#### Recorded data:
==============================
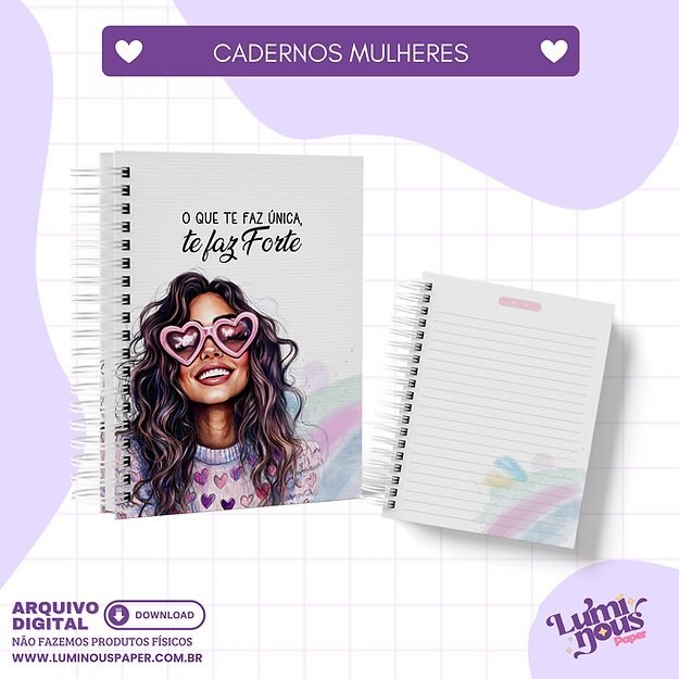 (as contracapas são iguais as capas, porém invertidas, ou seja, o caderno ficará com a imagem da mulher na frente e atrás)
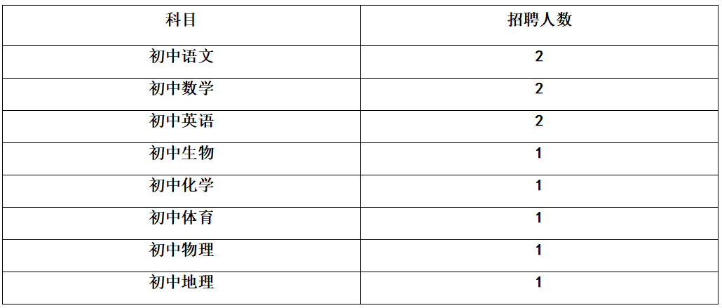 1.初中学段共招11人,详见下表:
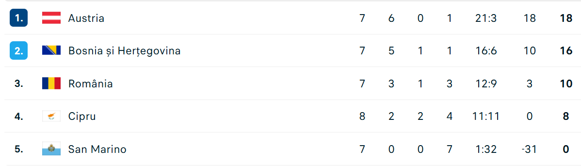 Pentru a fi sigur pe locul doi, România are nevoie să câștige cu Bosnia și San Marino și Bosnia să nu o bată pe Austria în ultima etapă.
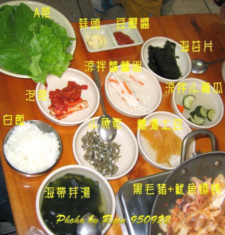 配菜,韓國餐餐的配菜都差不多是這些,不像我們吃的菜都得炒過、煮過之類的,不過我吃得蠻習慣的,只要不要太鹹。
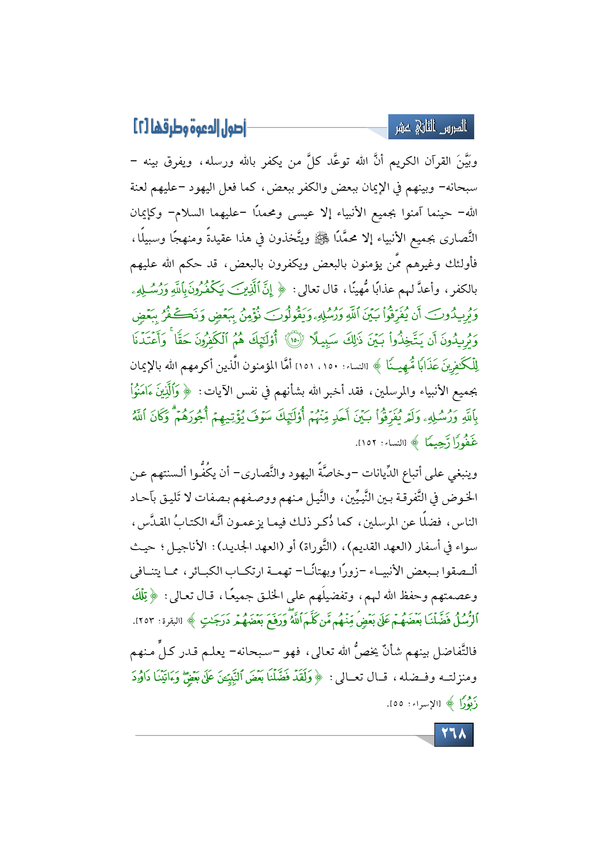 وبَيَّنَ القرآن الكريم أنَّ الله توعَّد كلَّ من يكفر بالله ورسله، ويفرق بينه -سبحانه- وبينهم في الإيمان ببعض والكفر ببعض، كما فعل اليهود -عليهم لعنة الله- حينما آمنوا بجميع الأنبياء إلا عيسى ومحمداً -عليهما السلام- وكإيمان النَّصارى بجميع الأنبياء إلا محمَّداً -صلَّى الله عليه وسلَّم- ويتَّخذون في هذا عقيدةً ومنهجاً وسبيلاً، فأولئك وغيرهم ممَّن يؤمنون بالبعض ويكفرون بالبعض، قد حكم الله عليهم بالكفر، وأعدَّ لهم عذاباً مُّهيناً. قال تعالى:
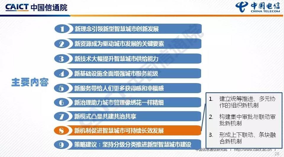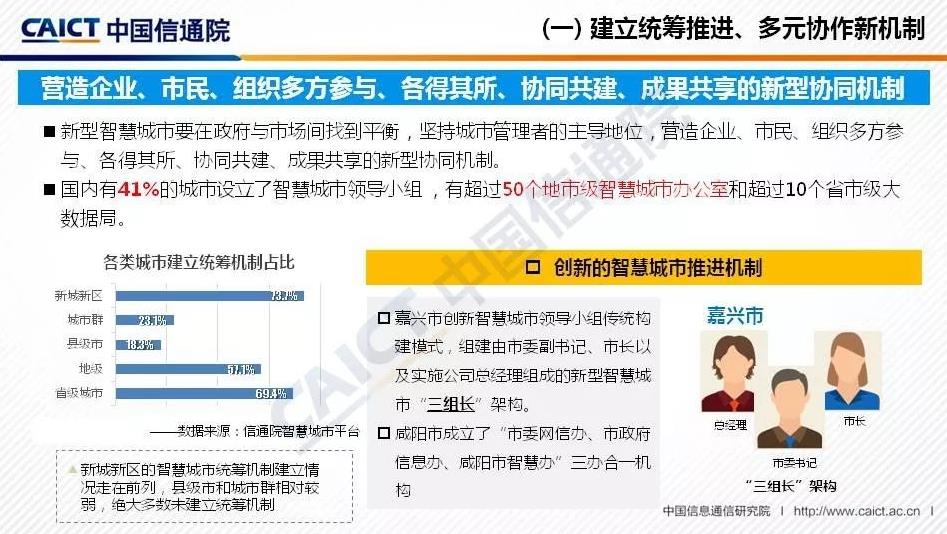 一是组织机制。建立以政府为主导统筹,企业、市民、组织等多元协作新机制,目前已有41%的城市成立智慧城市领导小组,新城新区智慧城市统筹机制建设走在最前列。
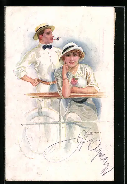 Künstler-AK Luis Usabal: Paar bei Schifffahrt
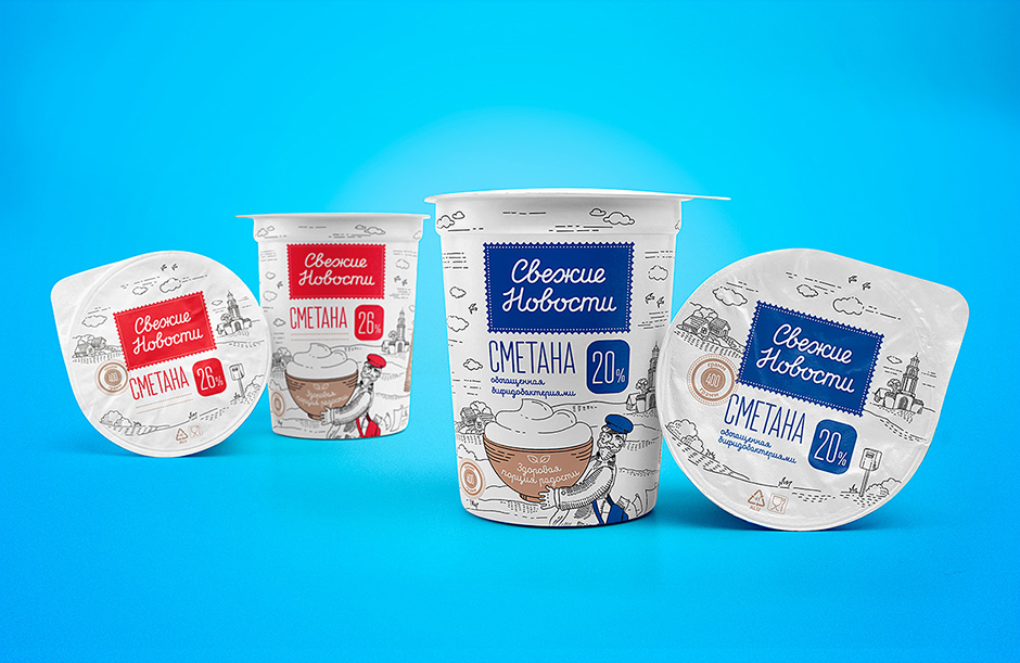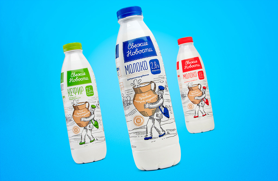 В центре авторской иллюстрации — почтальон, который вместе со свежей прессой несет огромный кувшин с продуктом. Рукописный шрифт, информационные значки, обыгрывающие почтовую тематику, и дружелюбный персонаж вызывают улыбку и настраивают на позитивное восприятие продукта.
==============================
#### Work required:
The response has to be an exact copy of all the data, pictures excluded.

#### Your response:
 (as contracapas são iguais as capas, porém invertidas, ou seja, o caderno ficará com a imagem da mulher na frente e atrás)
 1.初中学段共招11人,详见下表:
 Pentru a fi sigur pe locul doi, România are nevoie să câștige cu Bosnia și San Marino și Bosnia să nu o bată pe Austria în ultima etapă.
 配菜,韓國餐餐的配菜都差不多是這些,不像我們吃的菜都得炒過、煮過之類的,不過我吃得蠻習慣的,只要不要太鹹。
 وبَيَّنَ القرآن الكريم أنَّ الله توعَّد كلَّ من يكفر بالله ورسله، ويفرق بينه -سبحانه- وبينهم في الإيمان ببعض والكفر ببعض، كما فعل اليهود -عليهم لعنة الله- حينما آمنوا بجميع الأنبياء إلا عيسى ومحمداً -عليهما السلام- وكإيمان النَّصارى بجميع الأنبياء إلا محمَّداً -صلَّى الله عليه وسلَّم- ويتَّخذون في هذا عقيدةً ومنهجاً وسبيلاً، فأولئك وغيرهم ممَّن يؤمنون بالبعض ويكفرون بالبعض، قد حكم الله عليهم بالكفر، وأعدَّ لهم عذاباً مُّهيناً. قال تعالى:
 一是组织机制。建立以政府为主导统筹,企业、市民、组织等多元协作新机制,目前已有41%的城市成立智慧城市领导小组,新城新区智慧城市统筹机制建设走在最前列。
 Künstler-AK Luis Usabal: Paar bei Schifffahrt
 В центре авторской иллюстрации — почтальон, который вместе со свежей прессой несет огромный кувшин с продуктом. Рукописный шрифт, информационные значки, обыгрывающие почтовую тематику, и дружелюбный персонаж вызывают улыбку и настраивают на позитивное восприятие продукта.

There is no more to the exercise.